There is a person I work with (she is probably reading this, so I have to tread lightly). She has a task she does for me on a regular basis. She is a very diligent and hardworking person, but occasionally she makes a mistake. Pre–Dale Carnegie, I would criticize her. Not anymore. Now I start with praise — how she does a great job, how sometimes I wish I could match her attention to detail — and only then do I lightly mention her mistake. Everything I say about her work is absolutely true — she’d detect a lie. The data upload is the same — she made a mistake — but I package it differently. The result is that she has been making a lot fewer mistakes and the quality of our working environment has improved.

As an investor, I am constantly involved in arguing and debating with others. I debate ideas with my partner, Mike, and with my value investor friends. Mike and I often disagree — which is awesome, because if we always agreed, one of us would be extraneous. But this quote from Carnegie’s book changed how I debate: “You can’t win an argument. You can’t because if you lose it, you lose it; and if you win it, you lose it. Why? Well, suppose you triumph over the other man and shoot his argument full of holes and prove that he is non compos mentis. Then what? You will feel fine. But what about him? You have made him feel inferior. You have hurt his pride. He will resent your triumph.”

Carnegie provides this advice: “Our first natural reaction in a disagreeable situation is to be defensive. Be careful. Keep calm and watch out for your first reaction. It may be you at your worst, not your best. Control your temper. Remember, you can measure the size of a person by what makes him or her angry. Listen first. Give your opponents a chance to talk… Look for areas of agreement. When you have heard your opponents out, dwell first on the points and areas on which you agree.”

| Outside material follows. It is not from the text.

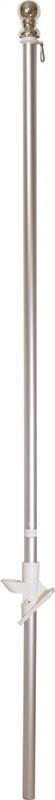 Includes a one piece brushed aluminum flagpole with a 2-position nylon bracket. 360 degree ball bearing rotation. It is intended for use with sleeved or grommeted flags.
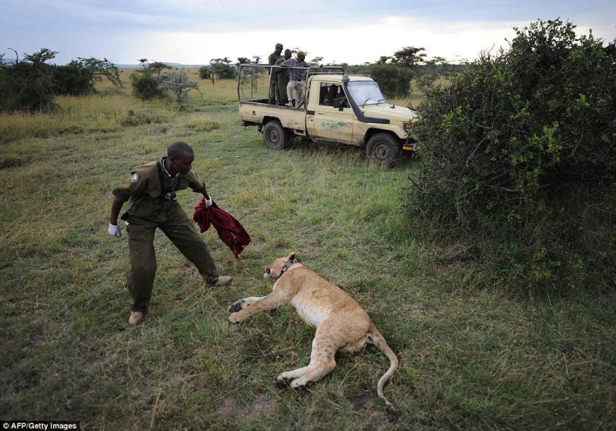 待镇静剂在雌性狮子体内发挥药效后,一名野生动物管理员接近它。

I used to feel I had to win every argument. I patted myself on the back when I did. Now I wish I hadn’t.

Twenty-five years later I wish I could turn to my 17-year-old self and say, “Read this book slowly; pay attention; this is the most important thing you’ll ever read. It will change your life if you let it.” Unfortunately, due to the lack of a time machine, I can’t do that, but I can encourage everyone around me, including my kids, to read this very important book.

Carnegie’s book will turn anyone into a better businessperson or capitalist because it will help you to understand other people better. But more important, this book will make you a better spouse and a better parent.

P.S. I wish I’d reread Dale Carnegie’s book before my oldest child was born. I would have made fewer mistakes as a parent. I’ve been very good at trying not to criticize him and emphasizing his achievements. But I have not been careful enough in selecting his teachers. When Jonah was younger he liked to play chess, and we played together at least once a day. We got him a bona fide Russian chess teacher. He was a 70-something-year-old engineer, a brilliant chess player, Moscow champion. But he was tough. Rarely smiled. Emphasized the negatives (when Jonah made a wrong move) and underemphasized the positives (when Jonah made the right move).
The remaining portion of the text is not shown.